My relationship with dspam, a bayesian classifier based spam solution, has been unwavering since I first installed it in 2005. I previously used SpamAssassin. While SpamAssassin offers a wide variety of tests involving potentially dozens of sources including rulesets, DNS blacklists, URI blacklists, checksum databases, and bayesian classifying, I found its false negative rate unacceptable and resource overhead excessive.
Recently, the time for a fresh installation of the latest stable release of dspam had come. My prior install was using version 3.0, which has become quite old, though still effective. My previous install was simply a bruteforce effort involving procmail and some other nastiness. Instead of continuing that tradition, I have configured dspam to work with Exim4 and PostgreSQL on Ubuntu 6.06.
The configuration that follows allows Exim4 to pass incoming, non-local messages without a dspam header to dspam. The message is checked, then reinjected into Exim for local delivery if the message is deemed innocent. If the message is believed to be spam, the mail will be quarantined on the system. All tokens and user preferences are stored within a PostgreSQL database. The Web interface allows you to report false positives and negatives. Should that sound appealing, read on for details.
To install dspam, you will need the following entry uncommented in your sources.list.
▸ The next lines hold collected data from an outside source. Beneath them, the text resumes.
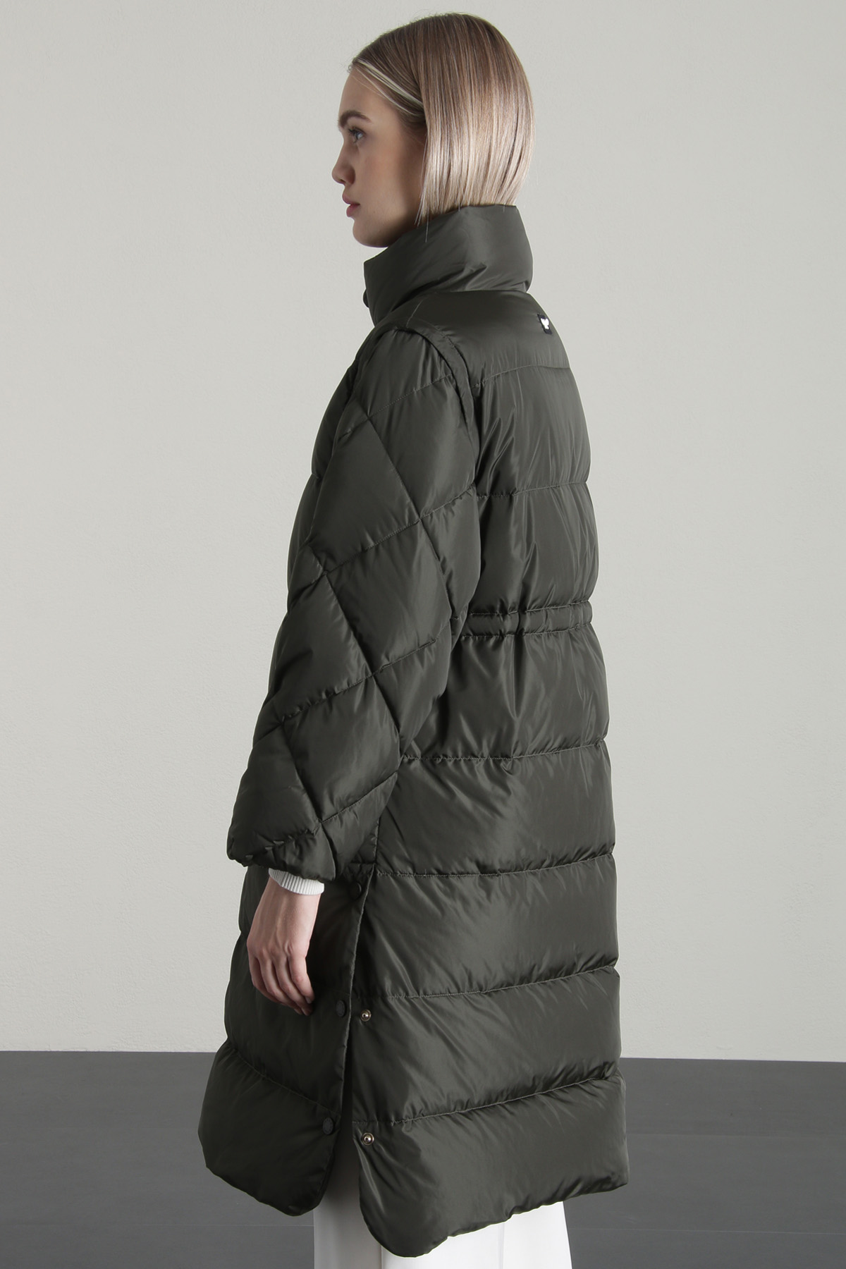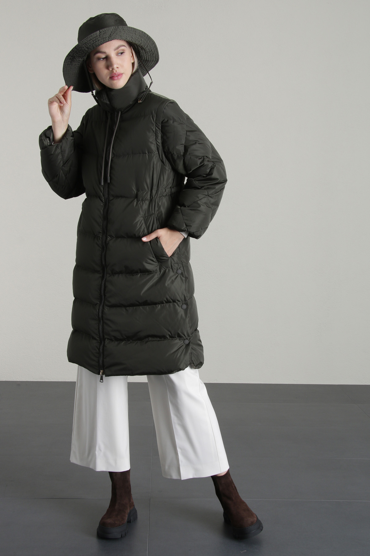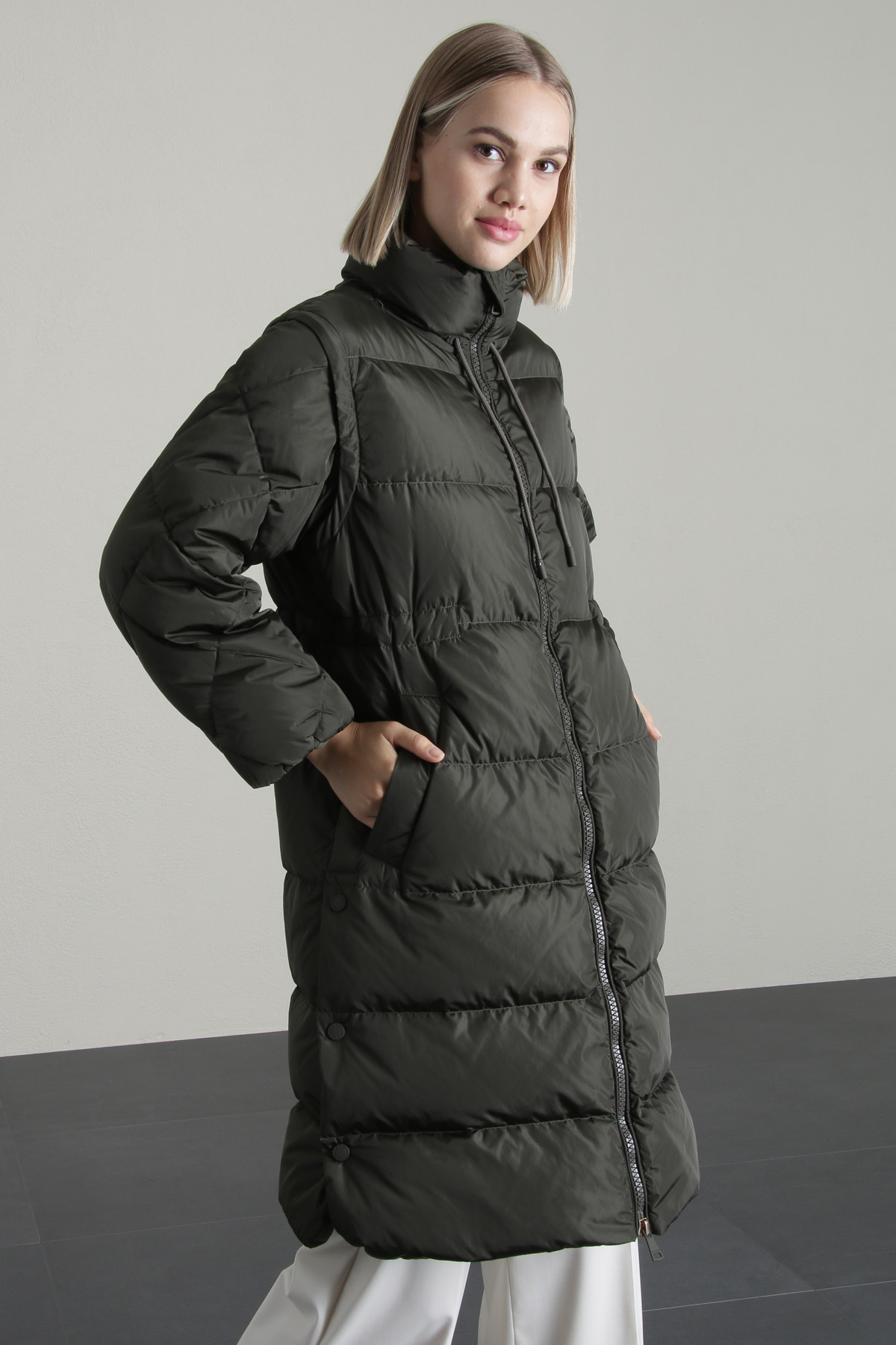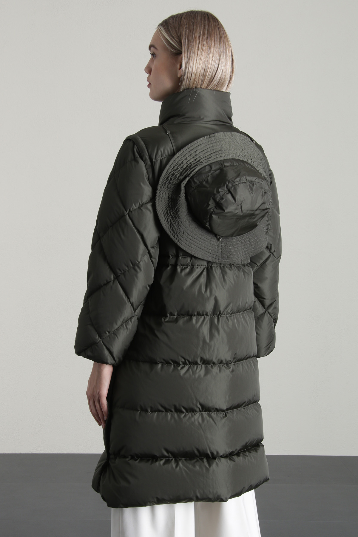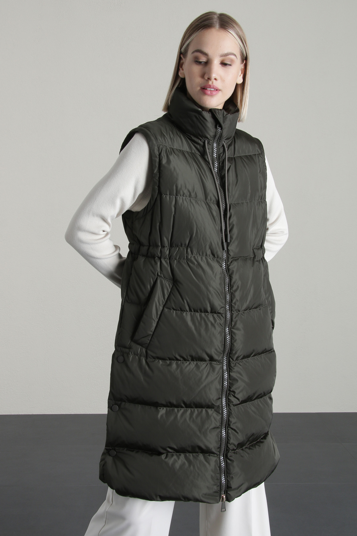 Piumino lungo realizzato in tessuto antigoccia trapuntato, con collo alto e coulisse, maniche lunghe removibili tramite zip, tasche a filettone con bottone, spacchi laterali apribili tramite bottoni automatici e allacciatura tramite zip. Capo dotato di cappello da pescatore removibile con coulisse.
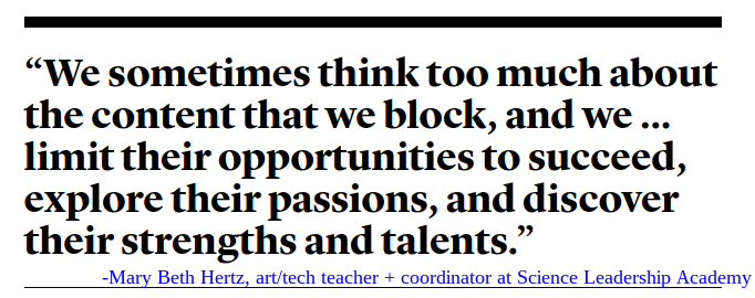- ...they can’t access the sites they want. Teacher’s say filtering is a major barrier to using the digital tools of our world because there is just so much they can’t access.
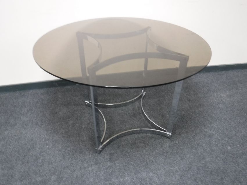 A circular smoked glass topped dining table on metal pedestal by Merrow Associates
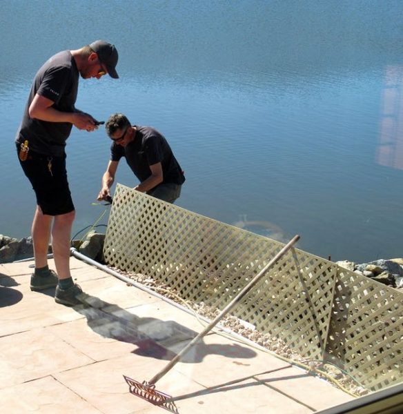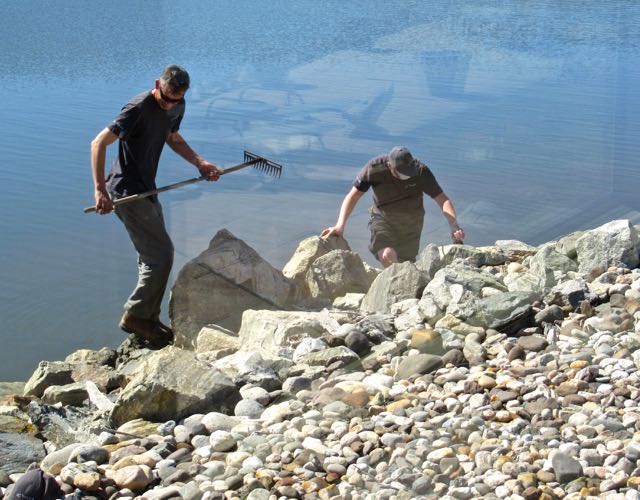 You will recall that we have been without a landline phone for close to six weeks. We paid to have new conduit installed and Colin helped with the labour.  Our cost was $200.00. These are the two Telus fellows assigned to pull the phone line through the conduit and hook it up to our house. They were fooling around and by accident tossed their electrical tape in the lake. Colin saved the day with a rake.
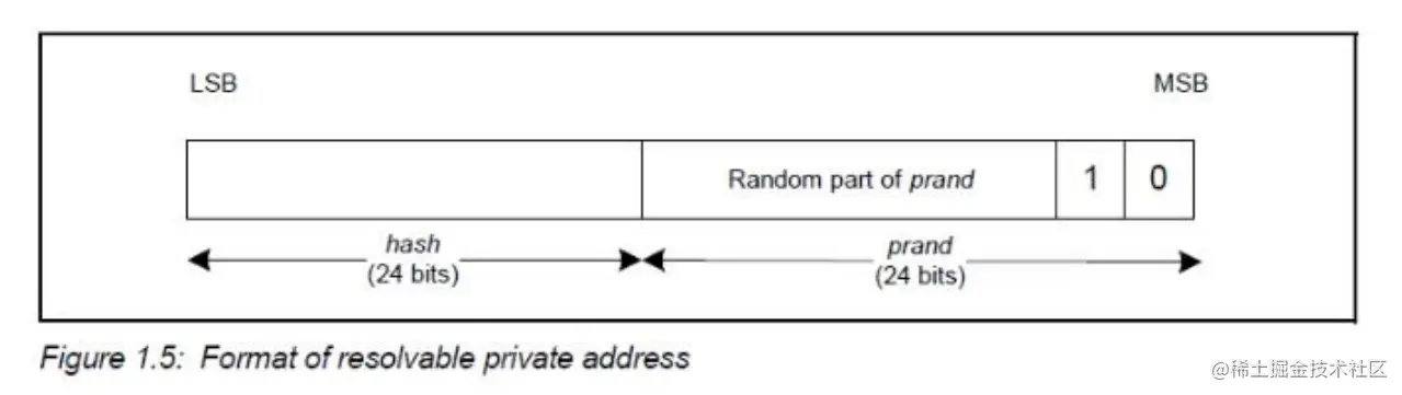- 高位 24bits 是随机数部分,其中最高两个 bit 为“10”,用于标识地址类型;低位 24bits 是随机数和 IRK 经过 hash 运算得到的 hash值,运算公式为 hash = ah(IRK, prand)。

deb http://us.archive.ubuntu.com/ubuntu/ dapper universe
And the usual installation of packages.
# apt-get install dspam \ libdspam7-drv-pgsql dspam-webfrontend
For dspam to run at start up, you must edit /etc/default/dspam accordingly.
START=yes
For dspam to speak to PostgreSQL, you will want to to modify /etc/dspam/dspam.d/pgsql.conf accordingly.
PgSQLServer 127.0.0.1 PgSQLUser dspam PgSQLPass PgSQLDb libdspam7drvpgsql
It’s necessary to create a database and populate it with the current schema.
# su - postgres -c 'createuser -R -D -S -e dspam' # su - postgres -c 'createdb libdspam7drvpgsql -O dspam' # su - postgres -c \ 'cat /usr/share/doc/libdspam7-drv-pgsql/pgsql_objects.sql | psql -U postgres libdspam7drvpgsql'
Finally, PostgreSQL must allow trust for the dspam user to the dspam database on localhost. While having dspam use a password is supposedly possible, I was never successful in having it connect to localhost via TCP with a password required. Add the following to the /etc/postgresql/8.1/main/pg_hba.conf file and restart PostgreSQL.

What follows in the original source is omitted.